In the previous part of this series, we had built our model. We now want to check how our model has performed. We will look into different metrics to conclude how good or bad our model is.

Confusion Matrix

from sklearn.metrics import confusion_matrix

print(confusion_matrix(y_true, y_pred))


[[ 4608  3233]
 [ 1670 23050]]

If you are wondering what these numbers are, this reference image from Tarek Atwan’s blog can help.

alt text

The diagonal from the top left to bottom right denotes what the model got right while the other diagonal tells us where our model went wrong. Let us look into the terms TP, TN, FP and FN in the context of our dataset.

True Positive: We predicted them to earn less than 50k, and they actually earn less than 50k

True Negative: We predicted them to earn more than 50k, and they actually earn more than 50k

False Positive: We predicted them to earn less then 50k, but they were actually earning more than 50k

False Negative: We predicted them to earn more than 50k, but they were actually earning less than 50k


Accuracy can be defined as the number of correctly predicted instances to the total number of instances.

from sklearn.metrics import accuracy_score

print('Accuracy Score of Model: ', accuracy_score(y_true, y_pred) * 100)


Accuracy Score of Model:  84.94210865759652

Although an accuracy of 84.92 seems good, accuracy must not be the only thing to conclude if our model is doing well. It is good to also compute precision and recall. The image below from Wikipedia illustrates precision and recall.

alt text


Precision = (TP) / (TP + FP)

from sklearn.metrics import precision_score

print('Precision Score of Model: ', precision_score(y_true, y_pred) * 100)

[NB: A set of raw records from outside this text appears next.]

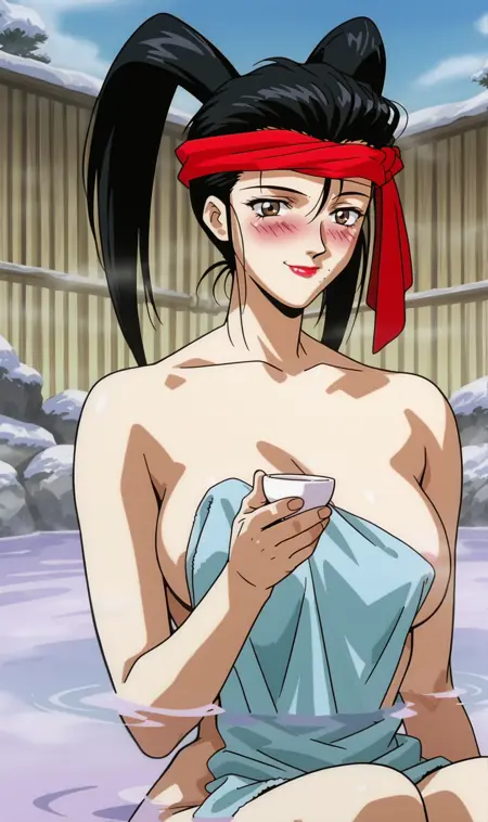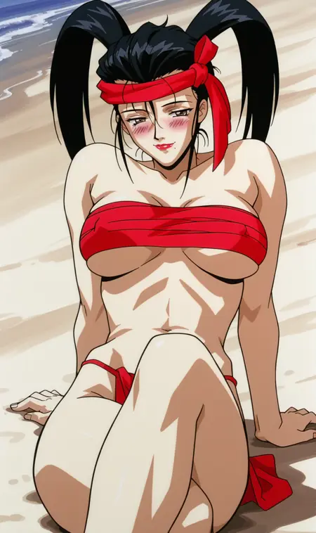 복장 2- '더블테일, 뒤로 빗긴 머리, 빨간 머리띠, 빨간 사라시, 빨간 요복, 언더부브'
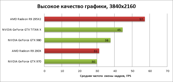 Без полноэкранного сглаживания и некоторых дополнительных опций, пожирающих производительность и объем VRAM, владельцы GeForce GTX 770 и AMD Radeon R9 280X могут рассчитывать на комфортную игру в режиме 1920 × 1080. Для 2560 × 1440 желательно иметь что-то не хуже GTX 780 Ti или Radeon R9 290X. А разрешение 3840 × 2160 вновь требует TITAN X либо Radeon R9 295X2.
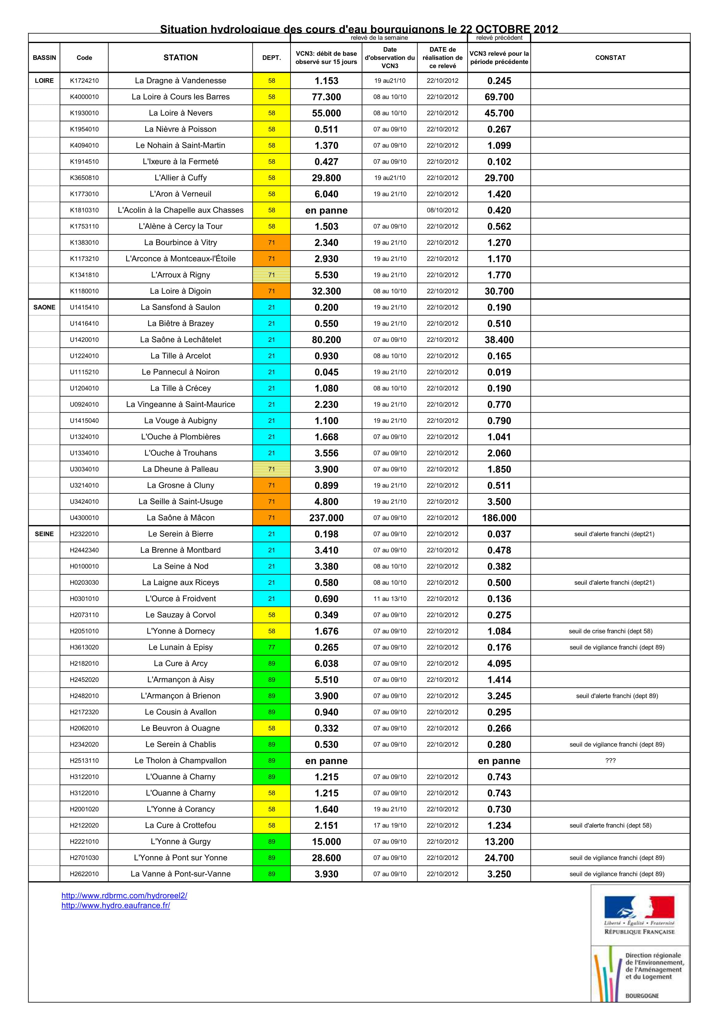 Bulletin Sécheresse BFC/Ouest 22-10-2012

Precision Score of Model:  87.69927329452498


Recall = (TP) / (TP + FN)

from sklearn.metrics import recall_score

print('Recall Score of Model: ', recall_score(y_true, y_pred) * 100)


Recall Score of Model:  93.24433656957929


A metric that combines precision and recall by considering the harmonic mean between both.

F1 = (2 * Precision * Recall) / (Precision + Recall)

from sklearn.metrics import f1_score

print('F1 Score of Model: ', f1_score(y_true, y_pred) * 100)


F1 Score of Model:  90.38683998980452

ROC AUC Score:

This computes the area under the Receiver Operating Characteristic Curve (ROC AUC) from prediction scores. More the area under curve, better it is.

from sklearn.metrics import roc_auc_score

print('ROC AUC Score of Model: ', metrics.roc_auc_score(y_true, y_pred) * 100)


ROC AUC Score of Model: 76.00617542673581

The above metrics show that our model is doing fairly well. Congratulations on building your first model!